Ratner makes our job harder in that respect. Nonetheless, what one cannot do is try to retail the lobby line to the American left by saying that the “US has lost national sovereignty to Israel and its US supporters,” so that we can return to the Edenic days of destroying Vietnam, Japan, and the Philippines. It will never work, for obvious and defensible reasons, and those who want the left to incorporate the lobby thesis should understand that. Finally, though, there is something leftists should learn from the right-wing lobby folk: the preference for agents over abstractions.
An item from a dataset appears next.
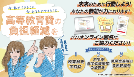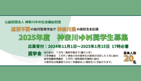 2024.09.30 / 最終更新日 : 2024.09.30 KANA News&Topics 「教育費負担軽減・奨学金制度改善に向けたアピール」に賛同します 公益財団法人神奈川ゆめ社会福祉財団は、経済的理由により修学が困難な高校生に対して、給付型の奨学金を給付するとともに、社会の中で自分らしい生き方を実現できるための学びや体験の機会を地域で活動している人、団体、行政などと広く […]

As Corey Robin writes in The Nation, “We must, in other words, change the argument from the abstractions of the free market to the very real power of the businessman.” Or, for us, “We must, in other words, change the argument from the abstractions of the military-industrial complex to the very real power of Lockheed Martin and Northrop Grumman and their executives,” Robert J. Stevens and Wesley Bush, over our lives. Which includes, too, moving from the abstraction of a trans-national class fragment — AKA, the lobby — to Haim Saban’s incessant stuffing of the stockings of Hillary Clinton.